Jordan Spieth has said finishing runner-up over the next two weeks on the PGA Tour would suit him just fine.
The British Open champion is coming off two consecutive runner-up finishes, after losing a playoff to Dustin Johnson at the Northern Trust and then falling to Justin Thomas at the Dell Technologies Championship.
He tops the standings in the season-long points race going into the final two events of the FedExCup playoffs, and a pair of second-placings would crown him champion and earn the $10 million bonus that goes with it, barring an unlikely set of circumstances.
“On the PGA Tour I can’t call (finishing second) a bad thing,” 2015 FedExCup champion Spieth said on the eve of the BMW Championship at Conway Farms outside Chicago.

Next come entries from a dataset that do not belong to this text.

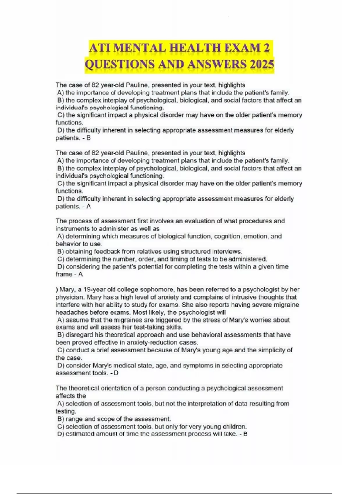 This document contains the complete set of updated questions and correct answers for ATI Mental Health Exam 2, designed for the 2025 testing cycle. It covers essential psychiatric nursing topics including therapeutic communication, defense mechanisms, crisis intervention, medication management (e.g., SSRIs, antipsychotics, mood stabilizers), mental health disorders, legal and ethical considerations, and safety protocols. Perfect for nursing students preparing for ATI's proctored mental health assessments.
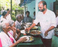 As a driver at the Cochin Urban Leprosy Treatment and Education Scheme (CULTES) for 15 years, Judeson always had a soft corner for leprosy patients. 7 years ago, he was asked to bring an old patient from her home where she was a virtual prisoner. What he saw at the house astounded Judeson. “A completely naked and emaciated old lady was lying on the floor, wallowing in dirt. The wound on her leg had worms wriggling out of it.” As the woman’s daughter just threw a cloth to cover her, Judeson lifted her and brought her out to face sunlight after so many years. With a trembling voice she said, “You are great. You could touch this stinking body. No one else had such compassion for me. You will scale greater heights.” That incident was a turning point in his life. He decided to dedicate his life to wipe tears and feed empty stomachs. Thus, starting from his CULTES quarters in 1997, Judeson started distributing food packets to the needy. The effort soon touched a chord in the hearts of neighbours and voluntary workers and helped him start Food Centres. Sehiyon Food Centres, as they are called, feed any poor visitor on the premises one meal everyday free of cost. Such centres have now spread to atleast 8 other places in Kochi. While food is served in Sehiyon during all other days, on Sundays about 750 food packets are distributed to the needy. On the occasion of the 5th anniversary, the Centre started a Mobile Bath programme to give instant bath to the vagabonds found in the streets. Later such persons are led to rehabilitation centres. For 15 years, Judeson has been bathing leprosy patients with bare hands. His faith in the immunity stems from a greater faith in the Illimitable Power. “This is a task that God has entrusted to me. Nothing untoward will happen from this,” he says.
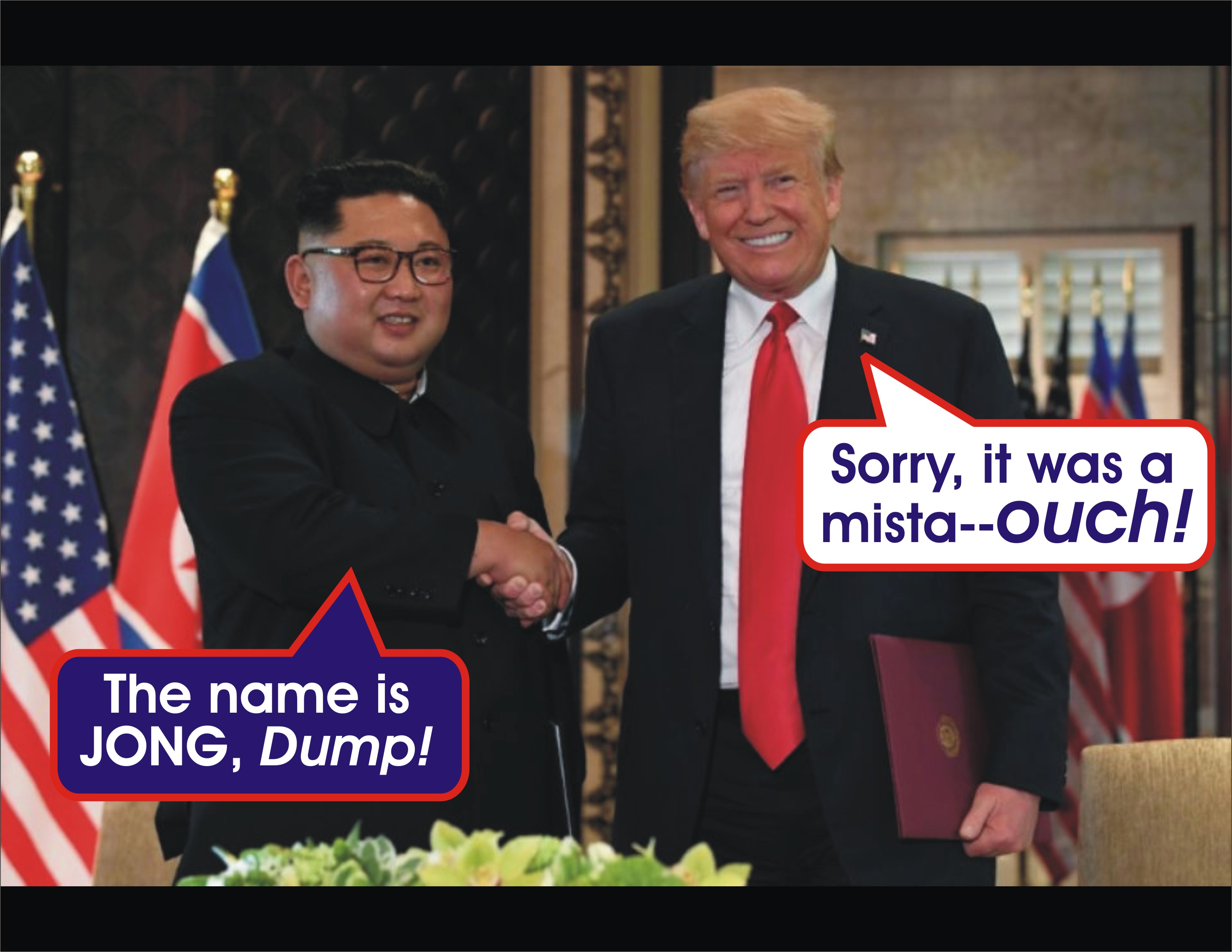 Luckily Donald Trunk -- sorry! I mean Trump, didn't mention anything about throwing a nuke at Jong for crushing his hand...
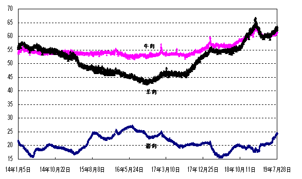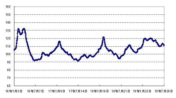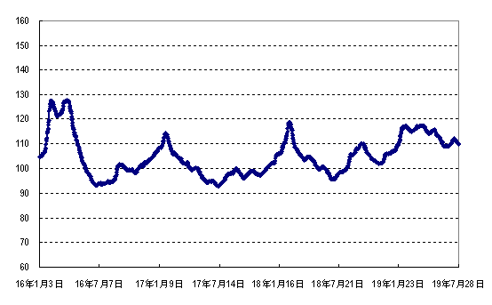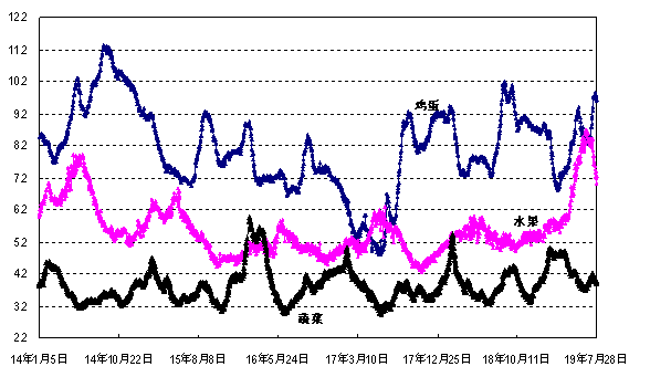 据农业农村部监测,2019年第30周(2019年7月22日-7月28日,下同)“农产品批发价格200指数”为110.37(以2015年为100),比前一周降1.13个点;“‘菜篮子’产品批发价格200指数”为111.73(以2015年为100),比前一周降1.26个点。重点监测的50家批发市场60个品种交易总量为50.21万吨,比前一周减3.7%。

“If I finish runner-up this week I will (probably) accomplish the goal of being number one going into East Lake.”
With three major titles under his belt already at 24, he observed that he had a chance for a very special career.
“If I have the year I have this year the next 15 years, I’ll be the greatest player to ever play the game, if you judge it by major championships,” he said.
Thomas, meanwhile, has a spring in his step, not only due to his last-start victory, but also because his south Florida home was not damaged by Hurricane Irma. A five-times winner this season, he has found a level where only a bad short game or an off week with the putter prevents him from contending.
“I’m not making the stupid mistakes the weeks I play well,” he said. “I’ve been consistently driving it better this year. I’m always going to be in contention if I’m chipping and putting well.”
Thomas had to vacate his home last week due to a mandatory evacuation of his Jupiter, Florida neighbourhood.
Before doing so, he transferred some valuables, including the PGA Championship Wanamaker Trophy, to a sturdy safe at his friend and rival Rickie Fowler’s house.
Thomas is second in the FedExCup standings, with world number one Johnson third, followed by Japan’s Hideki Matsuyama and Spaniard Jon Rahm.
The top five heading into next week’s Tour Championship will control their own fate, meaning a victory at East Lake in Atlanta will also lock up the FedExCup.
Seventy players will compete in Lake Forest this week, with only 30 advancing to the Tour Championship.

Day dumps life-long caddie after slump in form
The caddie merry-go-round continued when former world number one Jason Day revealed on Wednesday that he has sacked long-time bagman Col Swatton. Swatton has been a father-figure for Day, doubling as caddie and coach – a role he will maintain – for the 29-year-old Australian’s entire career. Day acknowledged that Swatton had been a “bit shocked” at the news but said he had taken it like a professional. “Unfortunately it just didn’t work out,” Day told Golf Channel on the eve of the BMW Championship at Conway Farms, outside Chicago. “I’m trying to find my footing here. I had to do it at some point.”
Day was clearly the best player in the world for the second half of 2015 and the first part of 2016, clinching his first major at the PGA Championship, but has struggled in relative terms lately, slipping to his current ranking of ninth. Something had to give, and as so often is the case, it was the caddie. Day, who plans to use a friend, Luke Reardon, on the bag this week, said he planned to keep Swatton as his coach. “He’s just coming off the bag and going to more of a coaching role,” Day said. “He’s not out of my world one bit. I’m hoping things move forward with us like they always have... because we both love each other like family.” Day was 12 years old when he met Swatton at an Australian golf academy, and Day has often said he would not be where he is without his mentor. Swatton even played matchmaker by introducing Day to his now-wife, Ellie. The news comes a month after another former world number one, Rory McIlroy, dumped his caddie, J.P. Fitzgerald.